As Shackelford had fun with his topic, I was struck by how purposefully Degas employed descriptive brush handling and unexpected composition. He had been guided by the Goncourt Brother’s directive to precisely portray life with a “living, human, inward line.” Although I haven’t read the Goncourt’s writings since graduate school, I do recall that Edmond Goncourt called Degas sickly and nervous and more skilled in capturing the essence of modern life than anyone he knew, and Jules Goncourt succumbed to the pox.


Edgar Degas, A Cotton Office in New Orleans, oil on canvas, 29 x 36 inches

My debauched Louisiana upbringing has me partial to paintings Degas made while he was in New Orleans, so it was exciting to encounter A Cotton Office in New Orleans in MFAH’s exhibition and in Shackelford’s discussion. The 1873 painting illustrates, among other figures in the office, Degas’s New Orleans uncle and mother’s brother, Michel Musson, who is seated in the foreground, and Degas’s two brothers, René, who reads the newspaper, and Achille, who leans against the window. The brothers had relocated to New Orleans from Paris to work with their uncle as importers and exporters of cotton.
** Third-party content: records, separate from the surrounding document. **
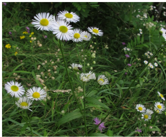
Erigeron annuus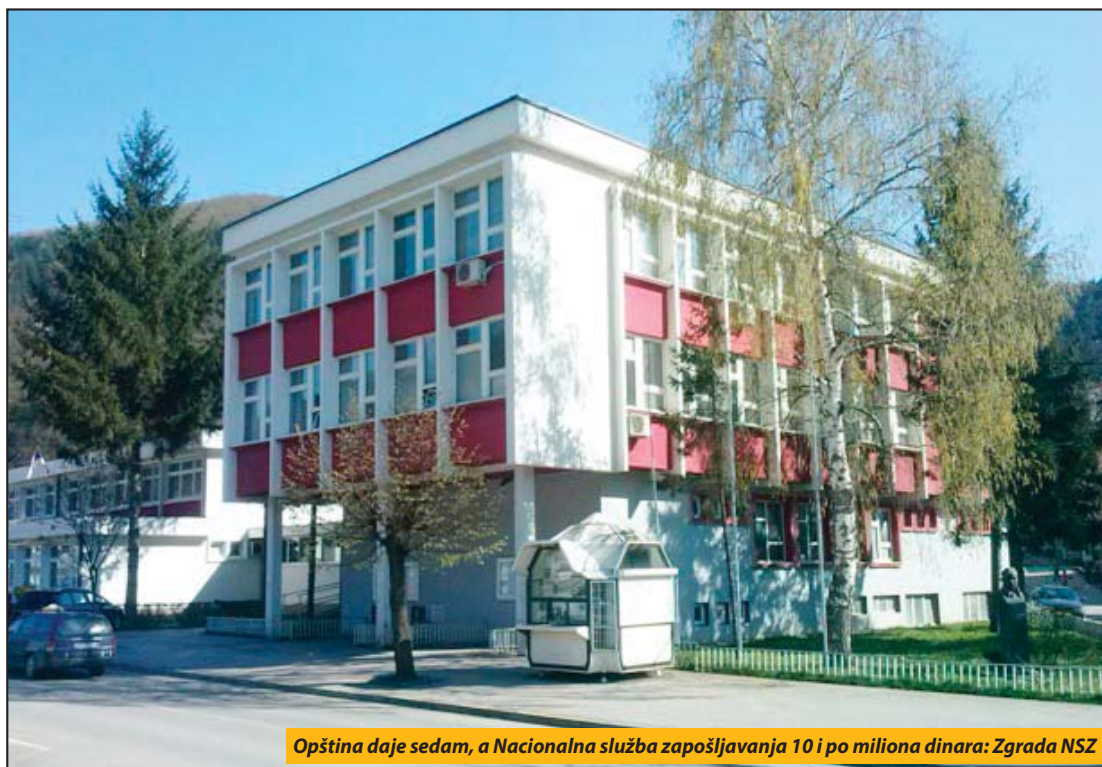
Opština daje sedam, a Nacionalna služba zapošljavanja 10 i po miliona dinara: Zgrada NSZ

■ Raspisan konkurs za sprovođenje javnih radova na kojima se angažuju nezaposlena lica i nezaposleni sa invaliditetom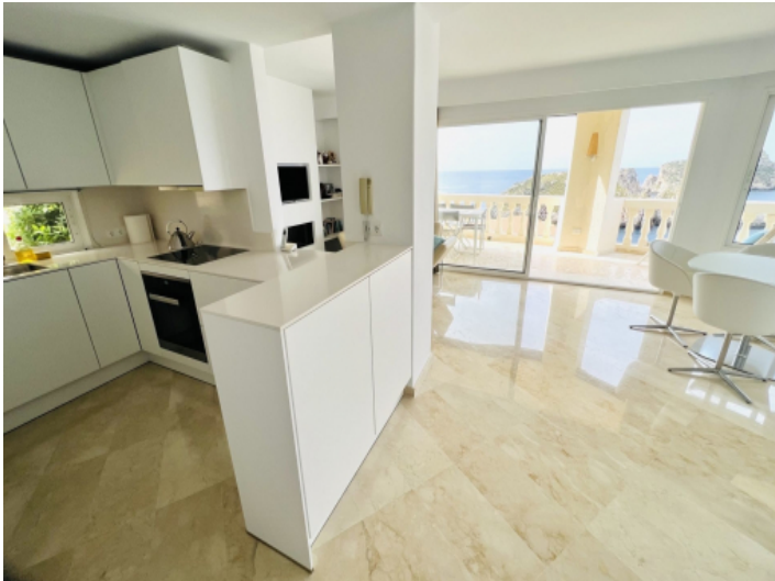
Lichtdurchfluteter Wohnbereich mit offener, moderner Küche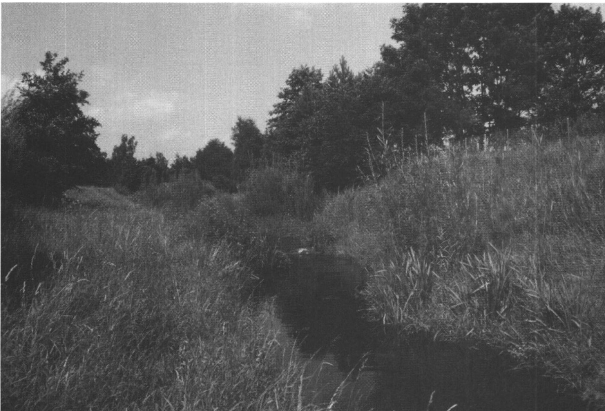
Abb. 1: Der Nefbach bei Neftenbach vor und nach der Korrektur 1985.

herigen, unbeschreiblichen sanitären Verhältnisse verbessert, für die Flüsse, Bäche und Seen begann aber damit der Leidensweg der Eutrophierung, die erst mit dem Bau von Kläranlagen modernsten Zuschnittes gestoppt und teilweise rückgängig gemacht werden konnte. Auch wenn die Verordnung von 1881 verlangte, dass «Fabrikabgänge oder andere schädliche Stoffe entweder vor ihrem Einlass in Gewässer derart gereinigt oder bei dem Einlauf durch geeignete Vorrichtungen mit so viel Wasser gemischt werden müssen, dass sie nicht mehr schädlich wirken», so war eine Reinigung von Abwässern erst durch die Anwendung moderner Technik möglich. Jahrzehntelang war dies ein Wettlauf zwischen zunehmender Verschmutzung einerseits sowie den technischen und finanziellen Möglichkeiten andererseits, der noch nicht überall zum guten Abschluss gekommen ist. Es brauchte

It’s probably dumb to try to isolate a focal point in a de-centered composition, but I vote for the “Times Picayune” newspaper in the hands of the exceedingly relaxed René, although some art historians would chose the messy waste basket. It’s possible my selection is influenced by having had my picture on the front page of that newspaper (holding a glass of bourbon.)

Degas’s brother René behaved disgracefully. After marrying his New Orleans cousin Estelle Musson, the low life abandoned her and their six children and ran off to Paris with Madame Olivier, a family friend from the Esplanade neighborhood. This was despite the fact that Estelle was blind. In the New Orleans Museum of Art there is a lovely portrait of Estelle painted by Degas when she was expecting their fourth child, for whom Degas served as godfather.